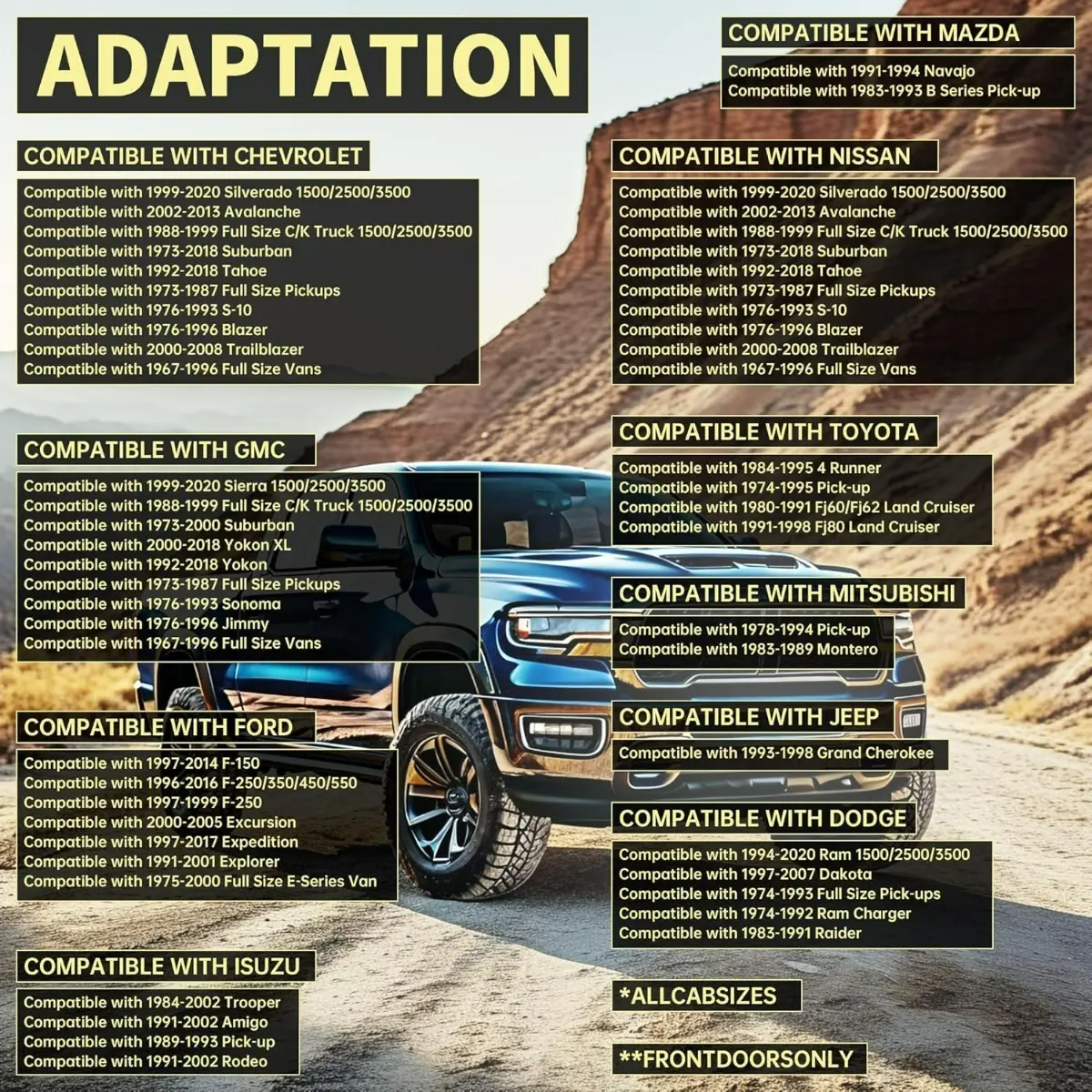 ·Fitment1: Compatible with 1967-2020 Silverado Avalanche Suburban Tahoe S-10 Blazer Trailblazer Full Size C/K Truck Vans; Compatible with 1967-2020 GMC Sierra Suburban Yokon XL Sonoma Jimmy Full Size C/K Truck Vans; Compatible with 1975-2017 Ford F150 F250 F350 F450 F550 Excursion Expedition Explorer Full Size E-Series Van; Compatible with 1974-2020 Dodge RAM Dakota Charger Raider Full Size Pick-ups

* * *

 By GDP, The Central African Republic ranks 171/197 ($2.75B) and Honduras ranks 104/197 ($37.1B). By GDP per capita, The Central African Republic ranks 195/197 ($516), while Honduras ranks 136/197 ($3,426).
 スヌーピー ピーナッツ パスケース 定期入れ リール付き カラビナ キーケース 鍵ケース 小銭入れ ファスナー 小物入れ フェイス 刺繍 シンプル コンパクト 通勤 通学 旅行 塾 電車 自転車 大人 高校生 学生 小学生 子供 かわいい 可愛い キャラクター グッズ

=== Instructions for the task ===
Only the lines above starting at the one containing "By GDP, The" and ending at the one containing "スヌーピー ピーナッツ パスケース", both included, are to be returned, exactly as they read.

=== Exercise response ===
 By GDP, The Central African Republic ranks 171/197 ($2.75B) and Honduras ranks 104/197 ($37.1B). By GDP per capita, The Central African Republic ranks 195/197 ($516), while Honduras ranks 136/197 ($3,426).
 スヌーピー ピーナッツ パスケース 定期入れ リール付き カラビナ キーケース 鍵ケース 小銭入れ ファスナー 小物入れ フェイス 刺繍 シンプル コンパクト 通勤 通学 旅行 塾 電車 自転車 大人 高校生 学生 小学生 子供 かわいい 可愛い キャラクター グッズ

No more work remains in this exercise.